Николай Дмитриев - Казна императора
Надо сказать, что, едва Тешевич увидел диадему, его состояние резко переменилось. Но это была не прежняя апатия, а какое-то странное смятение. И хотя Алекс не мог понять, каким непостижимым образом Шурке Яницкому удалось вернуть их фамильную драгоценность, вместе с удивлением накатила волна воспоминаний. А возникший оттуда же, из прошлого, образ матери почему-то связался с никак не укладывающимся в голове сознанием того, что отныне владелицей столь значимой для него вещицы будет молодая, малознакомая женщина, его жена…

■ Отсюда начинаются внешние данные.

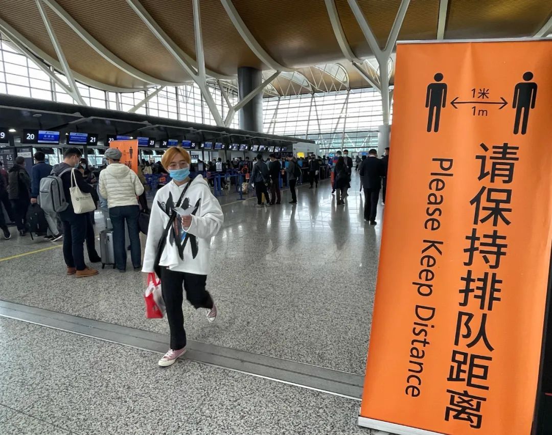 搭乘下午3时9C8869航班前往哈尔滨的大学生旅客袁春朋早早地到机场等候,“我知道近期上海确诊新冠的病例只是与货运区域有关,跟客运区域无关,所以还是很放心的。一路走,也发现上海和长三角对于疫情防控很严格,比如我戴口罩露出鼻子,就马上有人上前提醒。”

Сколько продолжалось это состояние, Тешевич не понял. Лишь заметив, что свет в спальне притушен, он встрепенулся, посмотрел на Хеленку, стоявшую в ночной сорочке у раскрытой постели, и тихо сказал:
— Ты ложись… Ложись… Я сейчас…
Но наваждение, отпустив на минутку, вновь охватило его, и поэтому, когда уже в кровати Хеленка осторожно прикоснулась к нему, Тешевич с трудом заставил себя произнести:
— Спи, дорогая, спи… Все хорошо…
С Яницким Алексу удалось поговорить только на другой день. Все это время Шуркой было заранее расписано, распланировано, и Тешевич даже не думал протестовать, хотя большой город его уже утомил, но он терпел, отлично понимая, что по возвращении ему еще предстоит заново налаживать быт.
Наверняка Хеленка ожидала к себе большего внимания, и такое поведение мужа несколько задевало ее, но Тешевич не придавал этому значения. Больше того, когда полковник Чеботарев предложил организовать автомобильную прогулку, Тешевич под благовидным предлогом отказался, и обиженная Хеленка решила ехать без него.
Полковник тут же вызвонил через капитана Вавера роскошный «линкольн» и, кажется, довольный таким стечением обстоятельств, отправился в качестве сопровождающего вместе с Хеленкой, решившей проехаться по варшавским магазинам.
Шурка, весьма удивленный отказом Тешевича, зашел к нему в комнату, остановился у окна и, проводив взглядом отъезжавший от дома «линкольн», спросил:
— Вы что, поссорились?
— Нет конечно, — Тешевич покачал головой. — Просто устал…
— Ясно… — Шурка недоверчиво прищурился.
— Ладно, не будем об этом, — Тешевич повернулся к Яницкому. — Откуда у тебя мамина диадема?
— А-а-а, вот что тебя мучает, — Шурка посерьезнел. — Я же в Москве был, Аля…
— А попала-то она к тебе как? — разволновался Тешевич.
— Случайно наткнулся… Среди тех, что взяли… — Угол рта у Яницкого непроизвольно дернулся. — Не у кого там узнавать, Аля… Не у кого… Одни мы с тобой остались… Понимаешь?…
— Понимаю… — Лицо Тешевича словно закаменело, и только после паузы он глухо спросил: — Почему раньше молчал?
— А ты что, не догадываешься? Тебе твоего нервного срыва мало? — Шурка говорил медленно, осторожно подбирая слова. — А тут я решил, если Хеленка рядом, выдержишь. Повезло тебе, она хорошая, и я ж вижу, как она на тебя смотрит…
— Понятно… — Тешевич напрягся и, явно спеша переменить тему, спросил: — А ты как к моему браку относишься?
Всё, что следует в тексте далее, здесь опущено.